William Bryce Binnie FRIBA (1 July 1886 – 1963) was a Scottish architect. He trained in Scotland but practiced initially in New York and then London. During the First World War he served with the Black Watch and was decorated for bravery. Afterwards he worked for the Imperial War Graves Commission until 1927, when he returned to private practice in London.
Binne was born at Kingscavil, by Linlithgow. From 1904 he was articled to architect Robert Bryden in Glasgow, moving to John James Burnet's office after Bryden's death in 1906. Between 1908 and 1910Binnie studied at the Glasgow School of Art, where he was awarded a gold medal and a travel scholarship, which he used to spend a year Italy.
In 1910 he moved to New York City to work at Warren & Wetmore, where amongst other buildings, he worked on some of the detailings of the interior of Grand Central Station. In 1913 he returned to Britain to work as a draughtsman under London architect Leonard Martin.[1]
Binnie served in the Army during World War I, eventually attaining the rank of major in the Black Watch (Royal Highlanders).[2] His actions gained him the Military Cross "for conspicuous gallantry" in 1916 when he took command of a company which had lost its officers. His citation notes that "Though buried by a shell early in the morning, he never ceased his fine work". In 1917 he was awarded a Bar to his decoration, and a second Bar in 1918 when he again took the place of an officer who had been killed.
At the close of the war he took up a position as assistant architect at the Imperial War Graves Commission (now Commonwealth War Graves Commission), and was promoted to deputy director in 1920.[1] He spent much of the post-war years in France and Belgium designing memorials, including the one at Nieuwpoort in West Flanders.[3] He was admitted to the Royal Institute of British Architects (RIBA) in 1919 as an Associate, and became a Fellow in 1925. His nominators for fellowship were Sir Herbert Baker, Sir Reginald Blomfield, and Sir Edwin Lutyens, all of whom had been prominent in the work of the War Graves Commission.[1]

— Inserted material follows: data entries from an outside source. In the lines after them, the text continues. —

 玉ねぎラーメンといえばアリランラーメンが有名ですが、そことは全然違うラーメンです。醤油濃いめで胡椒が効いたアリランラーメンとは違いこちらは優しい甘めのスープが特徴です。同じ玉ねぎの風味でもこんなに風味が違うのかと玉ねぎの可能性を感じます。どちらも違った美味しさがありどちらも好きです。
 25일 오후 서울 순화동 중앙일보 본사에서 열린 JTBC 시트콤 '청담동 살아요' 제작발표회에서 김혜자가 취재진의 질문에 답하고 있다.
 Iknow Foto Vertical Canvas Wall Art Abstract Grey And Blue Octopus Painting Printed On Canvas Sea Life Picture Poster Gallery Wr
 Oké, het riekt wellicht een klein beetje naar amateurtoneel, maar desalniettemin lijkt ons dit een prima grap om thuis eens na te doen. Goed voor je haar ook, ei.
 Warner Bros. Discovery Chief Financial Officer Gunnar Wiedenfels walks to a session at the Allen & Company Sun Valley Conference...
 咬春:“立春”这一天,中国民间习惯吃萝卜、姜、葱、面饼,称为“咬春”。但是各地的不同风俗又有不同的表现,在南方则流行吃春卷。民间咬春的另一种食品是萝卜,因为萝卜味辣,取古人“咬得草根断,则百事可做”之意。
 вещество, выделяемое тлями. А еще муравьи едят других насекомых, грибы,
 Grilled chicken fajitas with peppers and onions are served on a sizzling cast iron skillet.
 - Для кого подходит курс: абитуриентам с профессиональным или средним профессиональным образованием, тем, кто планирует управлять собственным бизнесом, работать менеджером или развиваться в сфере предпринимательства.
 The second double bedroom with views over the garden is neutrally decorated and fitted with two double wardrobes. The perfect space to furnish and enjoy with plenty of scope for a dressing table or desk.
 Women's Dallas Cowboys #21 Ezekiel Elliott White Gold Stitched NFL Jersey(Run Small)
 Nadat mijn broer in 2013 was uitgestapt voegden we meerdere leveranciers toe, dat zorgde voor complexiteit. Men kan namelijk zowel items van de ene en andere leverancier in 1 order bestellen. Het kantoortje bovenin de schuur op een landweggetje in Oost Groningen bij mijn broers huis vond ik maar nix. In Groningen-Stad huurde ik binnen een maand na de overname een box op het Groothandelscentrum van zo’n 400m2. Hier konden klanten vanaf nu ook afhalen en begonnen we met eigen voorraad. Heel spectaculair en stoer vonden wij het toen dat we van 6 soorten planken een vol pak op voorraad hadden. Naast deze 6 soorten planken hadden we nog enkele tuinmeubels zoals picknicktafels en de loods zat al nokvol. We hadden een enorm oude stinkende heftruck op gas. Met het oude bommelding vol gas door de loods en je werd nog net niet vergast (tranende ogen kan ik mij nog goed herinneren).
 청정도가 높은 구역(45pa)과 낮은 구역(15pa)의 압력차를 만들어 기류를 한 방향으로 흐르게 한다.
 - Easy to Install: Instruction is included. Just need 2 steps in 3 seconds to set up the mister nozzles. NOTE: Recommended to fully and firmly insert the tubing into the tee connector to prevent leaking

In 1927 he returned to London to set up a practice with fellow Scot Claude Ferrier, who was already established in Westminster. The association lasted until Ferrier's accidental death in 1935, after which Binnie continued the practice alone.[1] His work in this later period, in an Art Deco style, included the design of 81 New Bond Street and an extension to the National Temperance Hospital (now part of University College Hospital). The East Stand of Arsenal Stadium, Highbury, (1936) was designed by Ferrier and Binnie and is now a Grade II listed building.[4] He also undertook commissions in Malta, including the Hotel Phoenicia at Floriana (1939)[1] and The Farsons Brewery (1950), designed with Lewis V. Farrugia.